Wahtlich, keiner ist weise,
Der nicht das Dunkel kennt,
Das unentrinnbar und leise
Von allem ihn trennt.
(«Воистину, не мудр никто, не знающий того мрака, который неумолимо и беззвучно отделяет его от мира».)
Слово «мудрый» в этом четверостишии — вовсе не пессимистический сарказм, не указание на то, что последний секрет жизни — черный, и мудрость состоит в том, чтобы это знать. Нет ничего более чуждого Гессе. У него можно найти сколько угодно меланхолии, сколько угодно жалоб, то старомодно унылых, то усваивающих большую резкость тона, присущую эпохе экспрессионизма; чего у него не найдешь, так это отчаяния. Он явно никогда не сомневался сколько–нибудь всерьез, что страдание имеет смысл. Как его физический организм соединял со множеством мучительных раздражающих недугов, вроде подагрических болей, со сверхчувствительностью нервов редкую витальность, позволившую ему дожить в обладании творческих сил до преклонного возраста, так и душа его, несколько раз оказываясь на грани полного хаоса, каждый раз доказывала свою живучесть и верность себе. Удивительно устойчивая и цепкая, лежащая глубже сознания вера в то, что никакая боль не может, не должна быть напрасной, что мука — суровый учитель, у которого нужно суметь набраться ума, что утрата — это зов, которому необходимо последовать, что любая степень душевной смуты и разорванности — это шанс обновления и гармонии на каком–то ином, высшем уровне, делает его хотя непослушным и непочтительным, но все же отчасти правомочным наследником традиций отчего дома. Он не может перестать относиться к страданию с инстинктивным доверием. И даже гибель самого дорогого для него— его хрупкого «я», его неповторимой индивидуальной формы, — осмысляется этой верой как осуществление некоего строгого смысла, некоей правильности. Бог, говорится в одном стихотворении, может до конца разрушить последний остаток личного бытия Гессе, лишь бы он показал, непременно показал этому Гессе, что разрушение исходит от него и совершается в нем.
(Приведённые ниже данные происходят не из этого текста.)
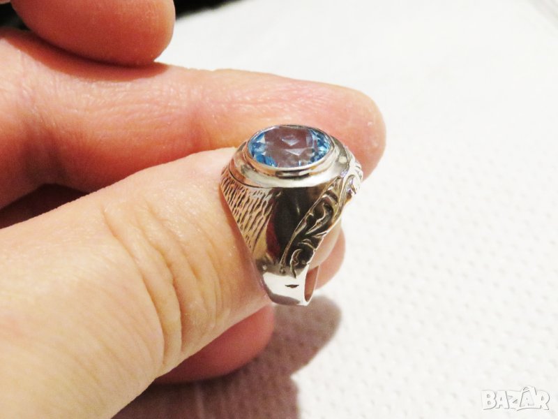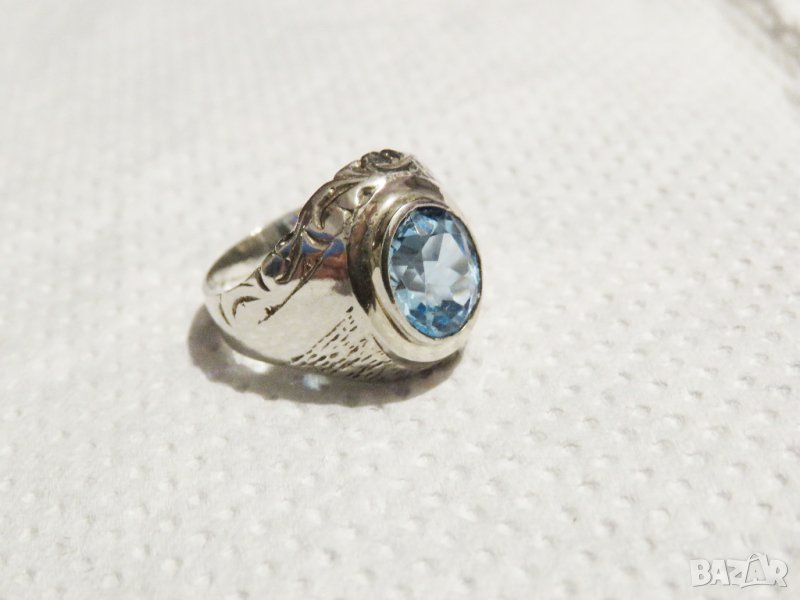 Стар мъжки сребърен пръстен с голям камък - аквамарин - стар внос от Щатите сребро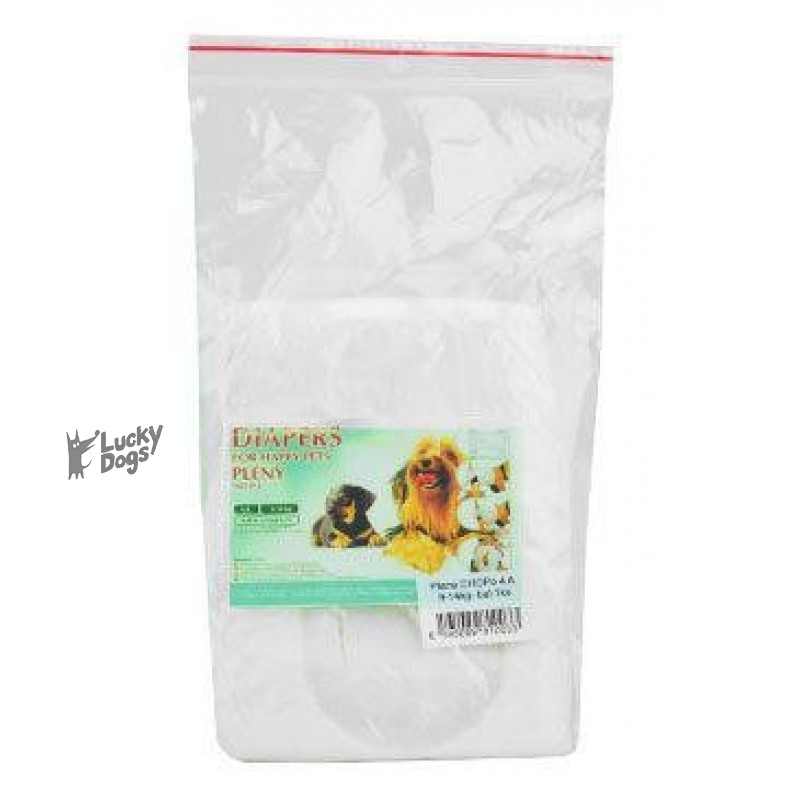 Jednorázová absorpční plena pro psy, zejména štěňata, háravé feny, nemocné psy atp. vhodná na cesty, v domácnosti či pobytu na zahradě, v noci či ve dne. Pleny jsou vyrobeny tak, aby byly pohodlné a nijak nebránili v pohybu. Jemná a měkká povrchová vrstva z netkaného textilu odvádí rychle vlhkost. Mimořádně savý materiál vstřebává rychle tekutinu a vnější folie spolehlivě chrání před prosáknutím. Plena se lehko nasazuje díky upínacím páskům, které jsou upraveny tak, aby se nezachytávaly srst mazlíčka.Pleny je možno použít pro: štěňata, feny které hárají, psy trpící inkontinencí, pobyt psa doma ve vaší nepřítomnosti, pooperační stav Vašeho zvířete, nemocné psy, staré feny.

Dann gerne will ich verderben,
Will gerne sterben,
Doch sterben kann ich nur in dir.
(«Тогда я согласен сгинуть, согласен умереть — но умереть я могу лишь в Тебе».)
И в другом, позднем стихотворении, где речь идет о древней статуе Будды, медленно, но неудержимо разрушающейся где–то в лесистом японском ущелье, размываемой дождями, до конца отдающей, возвращающей себя стихиям, звучит та же нота доверия к мировому целому, к мировому ритму, доверия щедрого и великодушного, одолевающего жалость к себе.
Gesanfitigt und gemagert, vieler Regen
Und vieler Froste Opfer, grim von Moosen
Gehn deine milden Wangen, deine groBen
Gesenkten Lider still dem Ziel entgegen,
Dem willigen Zerfalle, dem Entwerden
Im All, im ungestaltet Grenzenlosen…
(«Умягчаясь и утоныпаясь, жертва многих дождей и многих морозов, зеленые от мха, твои кроткие ланиты, твои большие ниспущенные веки тихо совершают путь навстречу своей цели — добровольному распаду, развоплощению в целокупности без образов и границ…»)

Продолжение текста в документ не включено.